**Data for processing:**
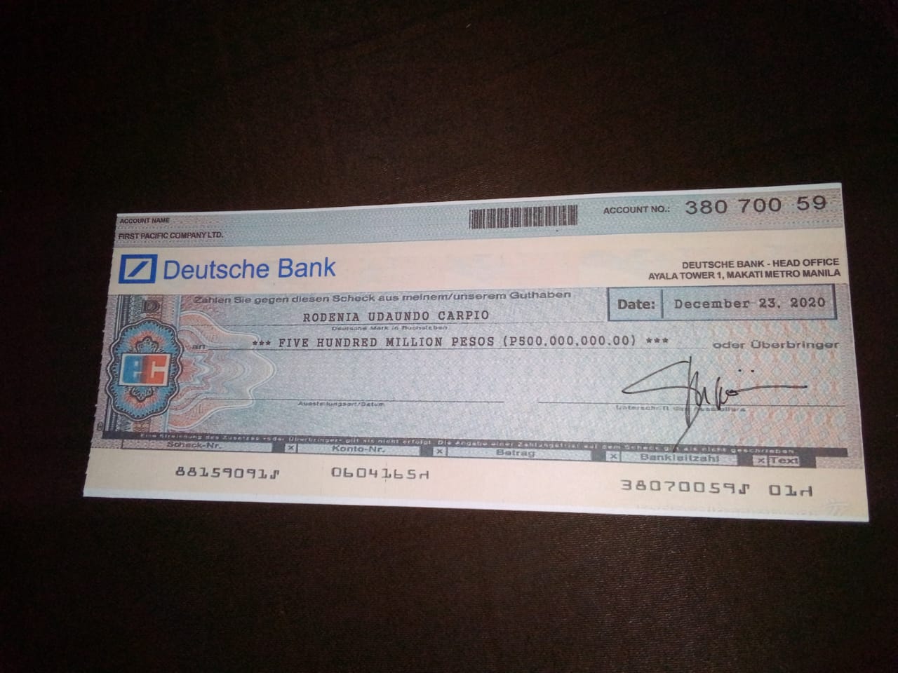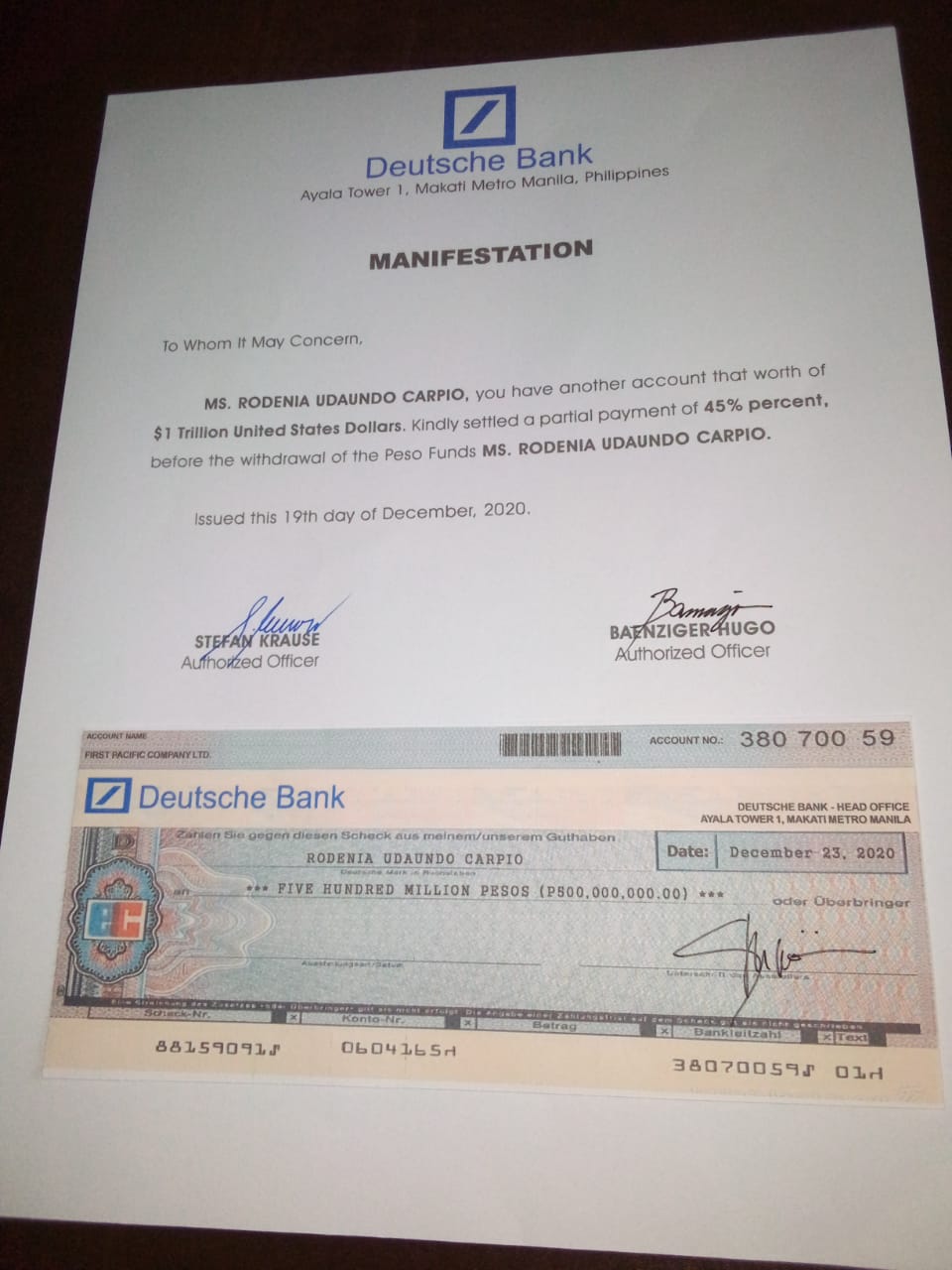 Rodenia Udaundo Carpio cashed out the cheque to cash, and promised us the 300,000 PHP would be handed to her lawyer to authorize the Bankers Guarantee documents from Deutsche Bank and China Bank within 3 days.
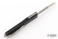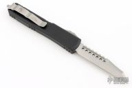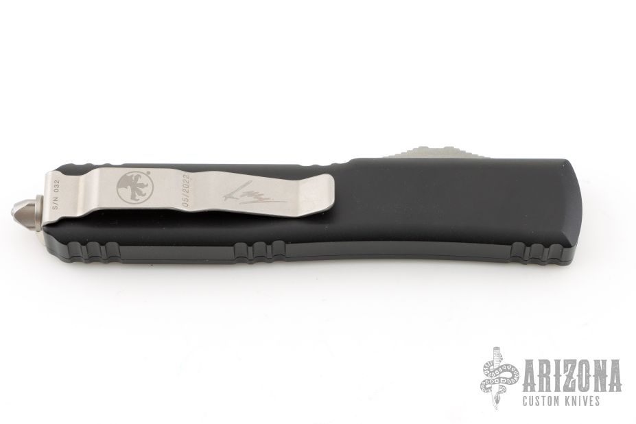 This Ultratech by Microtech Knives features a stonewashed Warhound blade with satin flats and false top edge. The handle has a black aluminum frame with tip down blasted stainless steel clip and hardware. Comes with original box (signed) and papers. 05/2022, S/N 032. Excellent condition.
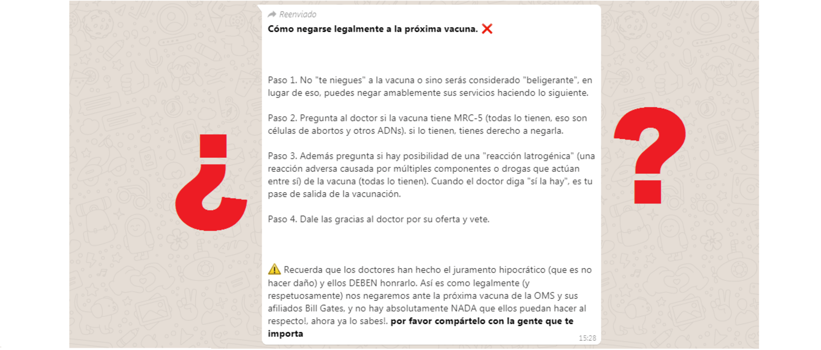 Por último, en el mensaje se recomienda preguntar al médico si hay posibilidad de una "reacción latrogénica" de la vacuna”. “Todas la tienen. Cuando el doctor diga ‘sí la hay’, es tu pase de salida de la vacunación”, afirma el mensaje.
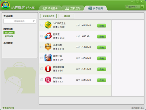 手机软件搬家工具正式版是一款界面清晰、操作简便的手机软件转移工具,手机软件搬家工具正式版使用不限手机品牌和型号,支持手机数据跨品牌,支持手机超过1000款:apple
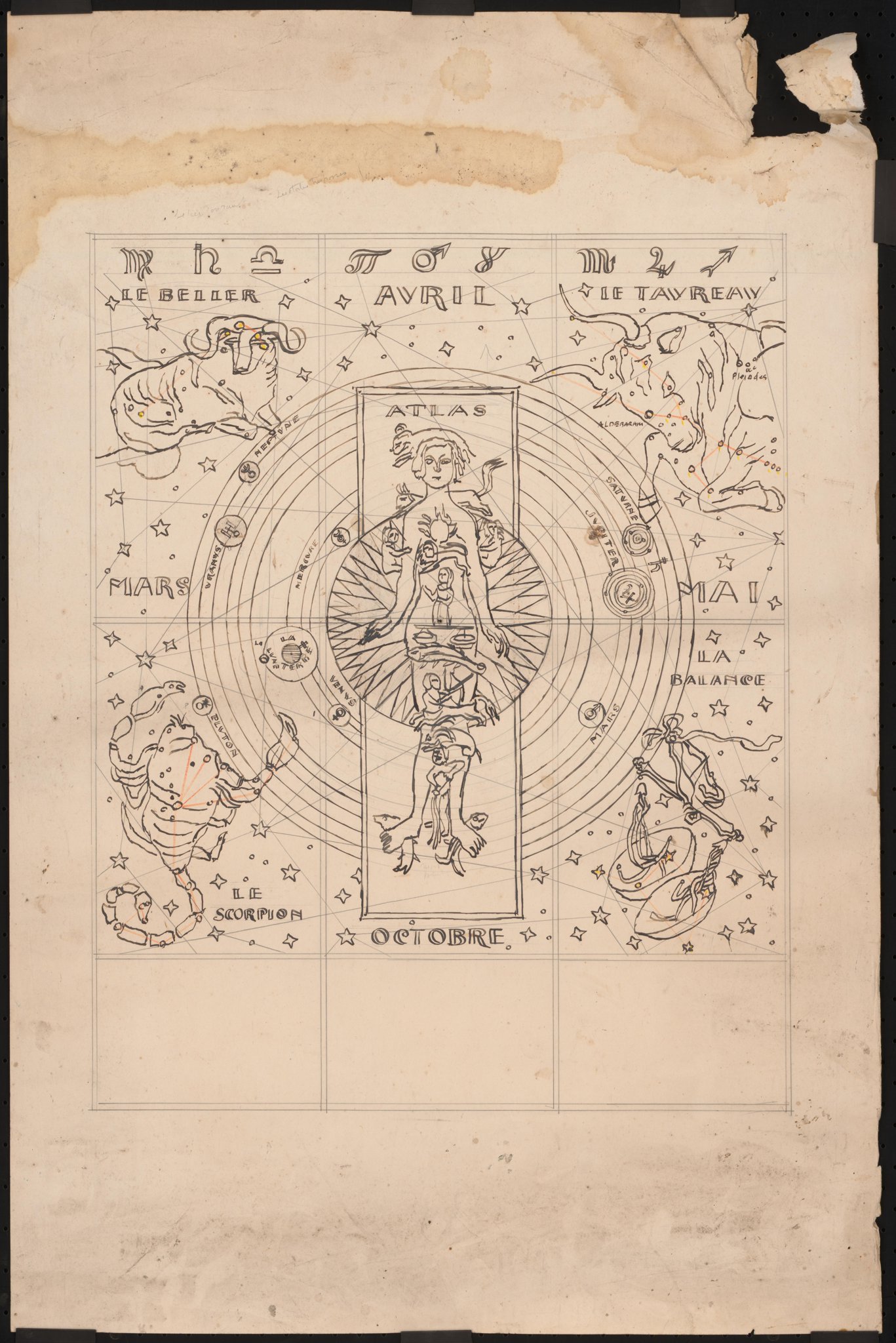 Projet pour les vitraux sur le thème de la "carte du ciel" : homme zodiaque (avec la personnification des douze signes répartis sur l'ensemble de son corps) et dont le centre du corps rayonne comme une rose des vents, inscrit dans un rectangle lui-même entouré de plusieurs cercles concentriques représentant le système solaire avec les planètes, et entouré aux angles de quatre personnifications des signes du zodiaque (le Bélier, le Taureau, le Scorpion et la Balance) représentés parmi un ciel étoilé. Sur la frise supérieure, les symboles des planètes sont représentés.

**Problem description:** Output the data above exactly; pictures do not belong in the copy.

**Task result:**
 Rodenia Udaundo Carpio cashed out the cheque to cash, and promised us the 300,000 PHP would be handed to her lawyer to authorize the Bankers Guarantee documents from Deutsche Bank and China Bank within 3 days.
 This Ultratech by Microtech Knives features a stonewashed Warhound blade with satin flats and false top edge. The handle has a black aluminum frame with tip down blasted stainless steel clip and hardware. Comes with original box (signed) and papers. 05/2022, S/N 032. Excellent condition.
 Por último, en el mensaje se recomienda preguntar al médico si hay posibilidad de una "reacción latrogénica" de la vacuna”. “Todas la tienen. Cuando el doctor diga ‘sí la hay’, es tu pase de salida de la vacunación”, afirma el mensaje.
 手机软件搬家工具正式版是一款界面清晰、操作简便的手机软件转移工具,手机软件搬家工具正式版使用不限手机品牌和型号,支持手机数据跨品牌,支持手机超过1000款:apple
 Projet pour les vitraux sur le thème de la "carte du ciel" : homme zodiaque (avec la personnification des douze signes répartis sur l'ensemble de son corps) et dont le centre du corps rayonne comme une rose des vents, inscrit dans un rectangle lui-même entouré de plusieurs cercles concentriques représentant le système solaire avec les planètes, et entouré aux angles de quatre personnifications des signes du zodiaque (le Bélier, le Taureau, le Scorpion et la Balance) représentés parmi un ciel étoilé. Sur la frise supérieure, les symboles des planètes sont représentés.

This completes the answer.